No Increase in Blind Spending
NGOs and OCEAN2012 oppose an increase in de minimis aid
Selected Members of the EU Parliament are calling for an increase of possible de minimis aid to the fisheries sector, mainly to provide fuel subsidies to the fishing sector at a time of rising fuel prices. This is in strong contradiction with the EU’s commitment to eliminate environmentally harmful subsidies but, more importantly, granting more public money to the fisheries sector without a clear link to delivering public goods would send a perverse signal during the discussion on the new CFP. NGOs and the OCEAN2012 coalition oppose an increase of the de minimis ceiling for the following reasons:
1. Increased Fishing Pressure: More than 70% of assessed European fish stocks are over-fished.(1)
2. Distortion of Competition and Delay of Restructuring: a further increase to € 20.000 of de minimis per vessel and per year can make up as much as 48 % of a vessel’s annual operating costs. While aid to operational costs could initially augment profits, it would also allow for a more intensive use of the vessels. This increase in fishing effort causes further depletion of fish stocks, decreasing catches and reduced profitability in the medium and long term. The aid is therefore not helping the fishing industry, but threatening the economic basis of fishermen and coastal communities.(2) For most EU vessels, all fuel costs could already be paid under the existing rules.(3)
3. Under utilisation of existing aid: The EU fishing sector receives substantial amounts of aid, among others through the European Fisheries Fund (EFF). So far, most Member States have not fully taken advantage of the EFF. Overall, only 15 per cent of the available aid was used in more than half of the financial programming time. It is unclear why there is a need for an increase in de minimis aid if the existing instruments are not fully used. As a result, fleets from Member States that refuse to subsidise operating costs can find themselves unable to compete with fleets from Member States that do. In addition, providing aid to operating costs will not help the fisheries sector to become more sustainable. On the contrary, such subsidies will delay the much needed restructuring and prevent the European fishing sector from adapting to the new biological and economic realities they face: over-fished resources and higher oil prices.
4. Lack of disclosure and evaluation of de minimis: No information about recipients of de minimis aid and the financed measures has been disclosed by DG MARE, preventing public scrutiny of this instrument. In 2007, the European Commission already increased the level of de minimis aid to the fishing sector by ten times, from € 3.000 to € 30.000.(4)
5. Incoherence with Fisheries Policies: The CFP suggests the need for substantial reductions in fishing effort for stocks outside safe biological limits. Article 6(5) of the EFF specifically excludes financial support to operations which increase fishing effort.

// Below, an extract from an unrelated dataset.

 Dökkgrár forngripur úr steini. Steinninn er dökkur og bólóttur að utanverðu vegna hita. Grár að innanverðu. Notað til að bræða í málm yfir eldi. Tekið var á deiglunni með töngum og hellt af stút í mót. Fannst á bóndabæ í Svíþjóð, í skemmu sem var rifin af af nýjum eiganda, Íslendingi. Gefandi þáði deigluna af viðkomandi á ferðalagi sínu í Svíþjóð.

Also, guidelines for state aid require that aid must “serve to promote the rationalisation and efficiency of the production” while “improving the recipient's income is, as operating aid, incompatible with the common market”. Before suggesting another increase, proper review of the use and the impact of de-minimis should be undertaken.(5)

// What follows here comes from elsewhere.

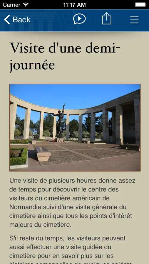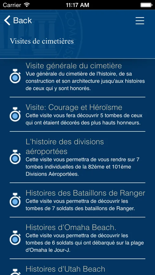 Explorez le cimetière américain de Normandie, où 9 387 soldats américains sont inhumés dans les terres sacrées qui surplombent Omaha Beach. Le 6 juin 1944, Jour J, les forces alliées changent le cours de l'histoire en participant à l'invasion réussie de la France, qui marquera le début de la fin de la Seconde Guerre mondiale en Europe. Ce guide personnel que constitue cette application officielle du cimetière américain de Normandie, vous permettra de découvrir le parcours des Américains qui y sont inhumés, d'explorer le cimetière, de comprendre le rôle que l'armée américaine joua pendant la Seconde Guerre mondiale, etc. Servez-vous de cette application au cimetière, ou par océan interposé. Nul besoin d'être en France pour tout apprendre sur ce site légendaire de la Seconde Guerre mondiale.

6. Other Policy Incoherencies: Increasing fisheries subsidies, including for fuel, when the EU itself highlights the need to phase out environmentally harmful subsidies is counterproductive. It will also not help meeting the objectives of the EU 2020 Strategy, the Kyoto Protocol, or the 2002 WSSD objective to phase out fisheries subsidies contributing to overcapacity. Last but not least, increasing fisheries subsidies at the time of general cutbacks in government spending, and following pledges by the G-20 leaders to phase out fuel subsidies and agreement by WTO members to bring fisheries subsidies within WTO disciplines is counter to current international thinking and likely to undermine EU’s leadership in ongoing negotiation processes.
(1) Communication from the Commission: Consultation on Fishing Opportunities for 2011 (COM(2010)241 final).
(2) Draft de minimis Regulation for fisheries - ISC D/12254.
(3) Economic analysis of raising de minimis aid for fisheries (MARE/2008/12).
(4) Commission Regulation (EC) No 875/2007.
(5) Guidelines for the examination of State aid to fisheries and aquaculture (2008/C 84/06).